Perhaps what is most overlooked in the whole discussion is that successful game design is often driven by specifically not giving players everything they want. You are your set’s design and development team. Where do you want the strength, and where do you want the weaknesses to be? What sort of trade-offs should your players have to make? How do you want to balance synergy versus raw card power?

Regarding the split card testing, I think it’s best suited for constructed testing, where you are really concerned with maximizing the power of your deck and clawing for every extra percentage point you can get. The split card testing method is engineered to force the player to answer the question “which card is more powerful” every time they encounter it. As a designer, you don’t even necessarily need to know the answer. Again, imagine you’re designing something like the upcoming Theros set. Your team of designers brings you 5 new card designs for a slot. It may be trivial to identify which is the most powerful card, but using that criteria is unlikely to lead to the most fun or cohesive set.

In my own design, I am debating between the inclusion of the following two cards.

Blood ScrivenerWretched Anurid

Wretched Anurid has the higher raw power level, along with a relevant drawback, particularly when combined with recursive creatures (Gravecrawler, Bloodghast), or other life loss effects like Bitterblossom and Dark Confidant. It’s been in my cube for a while, and is a known quantity.

Blood Scrivener is the new kid on the block, and it’s hard to know how often its trigger is relevant, or whether it’s fun to build a deck that encourage playing empty handed, particularly when Blood Scrivener would be the only card in my cube that rewards emptihandedness.

At this point, I really don’t need more information on Wretched Anurid. The gains of running a “Blood Scrivener // Wretched Anurid” split card are twofold.

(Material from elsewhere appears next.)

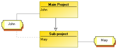 • a writing access area at creation of level "sub-project"
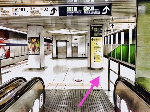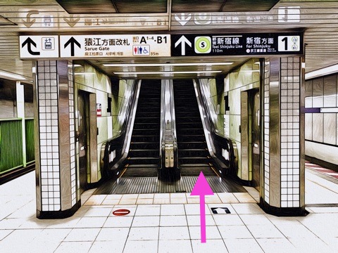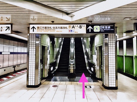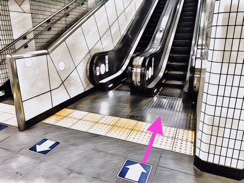6号車1番扉(先頭から6両目)付近のエスカレーターで上の階へ

  1. It is easier to remember which cards are vying for the same slot.
  2. Players are more likely to include “Blood Scrivener // Wretched Anurid” in their decks than Blood Scrivener. 

Both of these are artifacts of the fact that cube design is only pseudo game-design. Often we test only in competitive settings, with players who are less interested in testing than they are in winning. If you were working with a full-time team of designers, the other designers would be equally invested in testing and generating feedback for Blood Scrivener, rendering the split card method unnecessary.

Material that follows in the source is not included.